September 23rd, 2009 ketkar Leave a comment Go to comments

Given that we have a set of walks of the form $W = \{(l_1, t_1), (l_2, t_2)…\}$ , where $l$ is a vertex and $t$ is the time spent of that vertex. Now we need a distance measure or kernel or similarity score between two walks $W_i$ and $W_j$ so that we can cluster or classify them with. Here is an idea to do the same. The overall idea is based on Longest Common Subsequence (LCS) which basically doing a diff on two walks. To give an example, the longest common subsequence of AABBAAD and ABBDDDA is ABBD. Basically deletions are allowed. The problem with directly applying this idea is that it does not allow us to consider the time spent on each vertex.
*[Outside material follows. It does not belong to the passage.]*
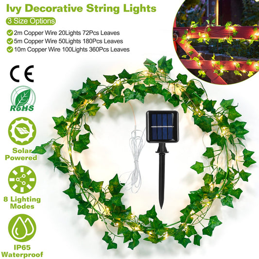 Artificial Ivy Solar Powered String Lights 72Pcs Leaves 20Pcs LED Beads Fake Leaf Fairy Lamps IP65 Waterproof DIY Decorative Night Light For Wedding K

Obviously we could duplicate vertices so as to indicate the time spent, so that $\{(A_1, 3), (B, 2)…\}$ becomes AAABB. This is a bad idea. The complexity of LCS is $O(mn)$ where $m$ and $n$ are lengths of input sequences. So we are going to get clobbered pretty bad if users spend too much time in some locations. Here is a trick to do this quickly.

First compute the LCS, ignoring the time spent on each vertex. Note that for walks for $W_A$ and $W_B$ we will refer to the sequence of locations as $L_A$ and $L_B$ and timings as $T_A$ and $T_B$ . Suppose the output of LCS for walks $L_A$ and $L_B$ is in the form to two functions $P_A$ and $P_B$ such that $L_A[P_A(i)] = L_B[P_B(i)]$ , for $i$ going from $0$ to $n$ which is the length of the LCS of $L_A$ and $L_B$ . Now a measure of the time spent in common on a particular vertex with index $i$ can be computed as $\begin{equation} \frac{min(T_A[P_A(i)],T_B[P_B(i)])}{min(T_A[P_A(i)],T_B[P_B(i)])} \end{equation}$